Richard Lord QC (instructed by Holman Fenwick Willan LLP ) for the claimant in the first claim.
The defendant did not appear and was not represented.
Stewart Buckingham (instructed by Whale Rock Legal Ltd ) for the defendant in the second claim.
The claimant did not appear and was not represented.
The claimant in the first claim, Minerva Navigation Inc, entered into a charterparty with the defendant, Oceana Shipping AG, with Minerva as owners and Oceana as charterers. Oceana then entered into a sub-charterparty with the defendant in the second claim, Transatlantica Commodities SA. Both charterparties were on amended New York Produce Exchange (“NYPE”) 1946 forms. Disputes arose between Transatlantica and Oceana which were mirrored by disputes between Oceana and Minerva. The disputes were referred to arbitration under the head charterparty. The claim by Transatlantica was for sums for hire during a period in which the vessel was drifting at sea. Oceana passed that claim on to Minerva. The arbitrators found that the sums claimed were recoverable under the off hire clause. Minerva and Oceana appealed. In issue was the meaning of the off hire clause in the charterparties and whether under that clause the vessel was off hire for a particular period merely because it was not efficient for the services required during that period or whether the charterers had to also show a net loss of time.

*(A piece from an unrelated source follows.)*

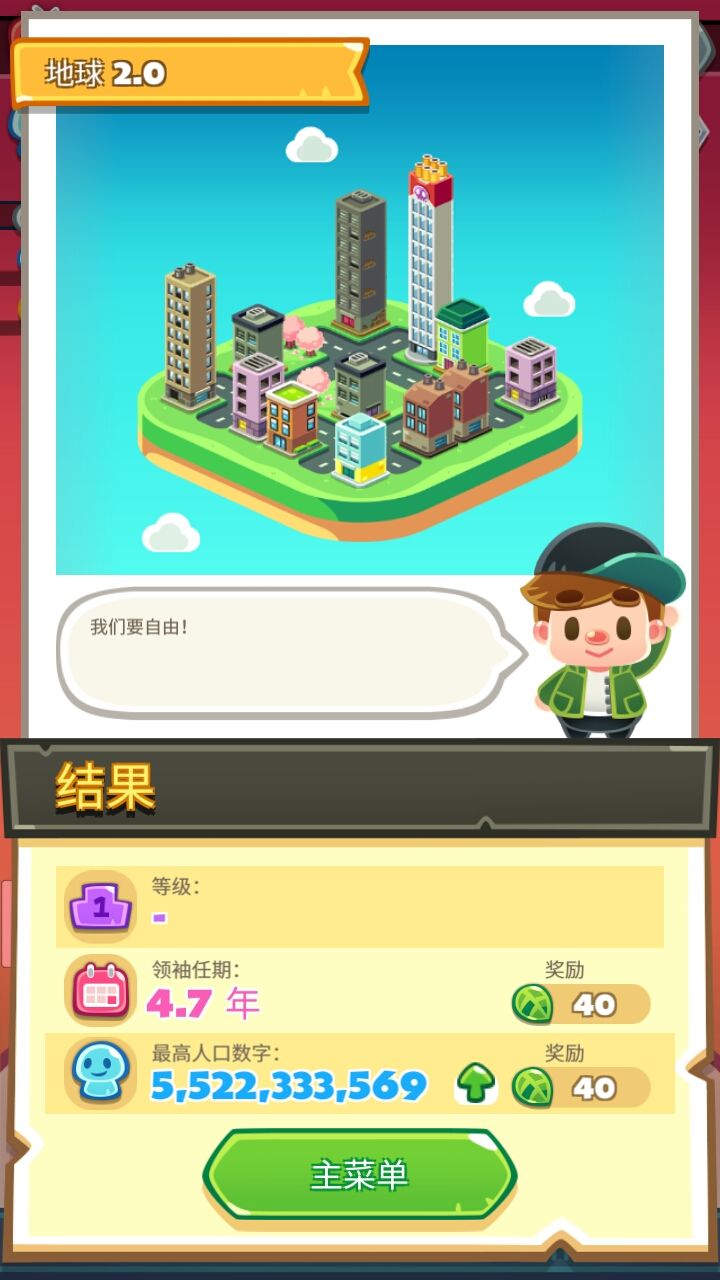 开始按正常流程玩到50几年,人口10B+发现不能控制环境污染,一直在1万6以上再不能降低了于是有意的让人口降低,好把所有免费建筑拆了环境也终于好转了,开始发展人口,可是人口增长太快,超过10B一瞬间环境又变差了好在这次全是绿色建筑,环境还是可控的这样子,如果有时间就可以一直玩下去了,只要控制人口不要超过25B到100年了,但是这游戏连存档功能都没有,一退出就要重新开始,最终决定
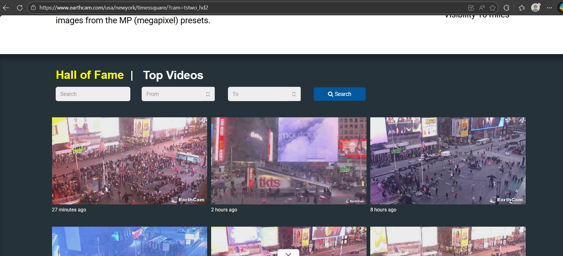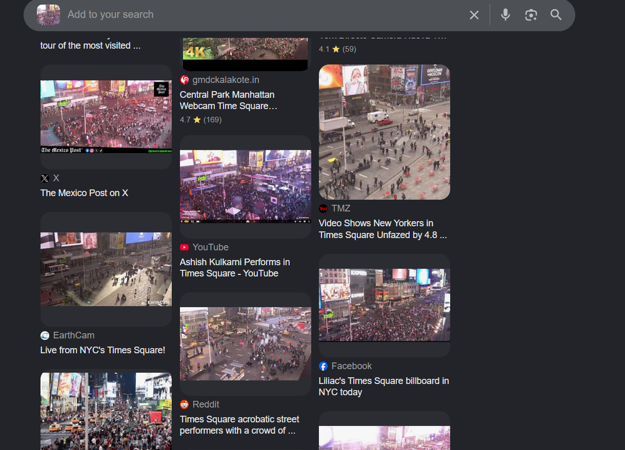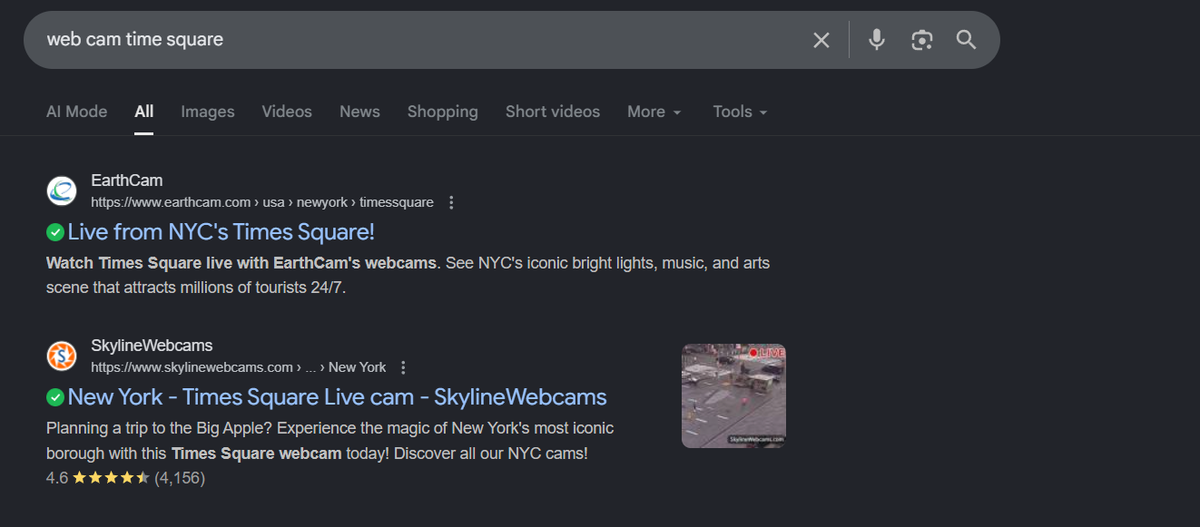 Next, I searched for “Times Square webcam”, which surfaced multiple providers. I selected EarthCam because:

The judge, having considered a number of authorities at paras 45–83, concluded, at para 84, that the off-hire clause permitted the charterers to deduct time for the duration of the off hire event but only to the extent that there was a net loss of time to the chartered service. It was not sufficient for the charterers merely to show that, as regards the service immediately required, there was a net loss of time. The arbitrators erred in their findings on that issue. There was no net loss and the appeals were allowed.